In retrospect, since you seem to have brought up the reverence and
awe with which I and others are supposed to view the TM puja, I
can't really agree with you. It was IMO just a cobbled-together set
of traditional Indian buzzwords and phrases designed to produce
mood-making in the practitioner and a feeling of awe or wonder in
viewers. I don't believe in the magical Woo Woo properties either
of the words used in the puja, or as TM mantras. They're just words;
get over it. Nor do I feel the need to appease or appeal to a set of
gods
I don't believe in or praise a bunch of holy guys whom I don't believe
were either holy or deserve the praise. I tend to regard the puja the
same way I regard most of Indian culture -- the remnants of a barbaric,
superstitious nation whose scriptures tend to dwell overlong on justi-
fications for war, violence, elitism, and perpetuating genocide on those
who don't agree with the religious fanatics who wrote the scriptures.
In short, I am neither an Indiaphile nor a TMphile. The puja is as dead
to me as Maharishi is; neither has any place in my life, nor should.

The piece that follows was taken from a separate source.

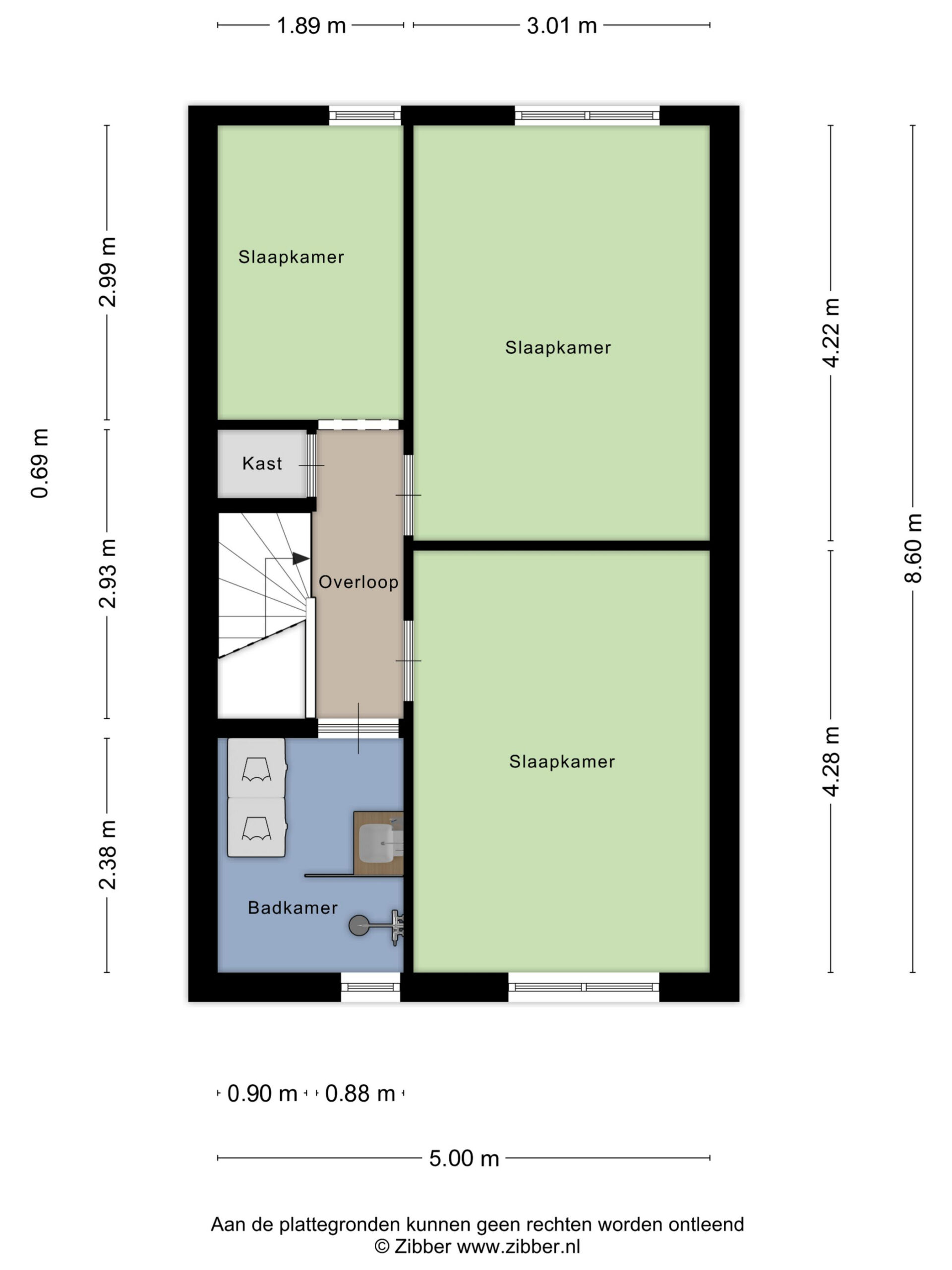 De tweede verdieping biedt verrassend veel ruimte. Vanaf de overloop (met bergkast) is er toegang tot drie slaapkamers en de badkamer. De grootste slaapkamer (ca. 12,9 m²) ligt aan de voorzijde van de woning met toegang tot de praktische bergvliering – ideaal voor spullen die je niet dagelijks nodig hebt. Aan de achterzijde ligt een tweede, ruime kamer (ca. 12.7 m²) en de derde kamer (ca. 5.6 m²). Deze is perfect als werk-, baby- of kleedkamer.

I wrote what I wrote because I caught myself waving at an incense
stick to put out the flame, and then laughing at the still-lingering
imprinting I'd picked up while in the TM movement. I thought others
here might laugh, too, because they probably were similarly imprinted.
Heck, I don't even burn incense much these days, except to cover the
smell of an occasional kitchen accident.

All of this said, I shall probably continue to wave my paw at the
incense during the rare times I light some, just because it reminds
me of a favorite Dogbert cartoon. Thanks for providing the oppor-
tunity for a good rant; I've missed your set-ups.  :-)

  [0]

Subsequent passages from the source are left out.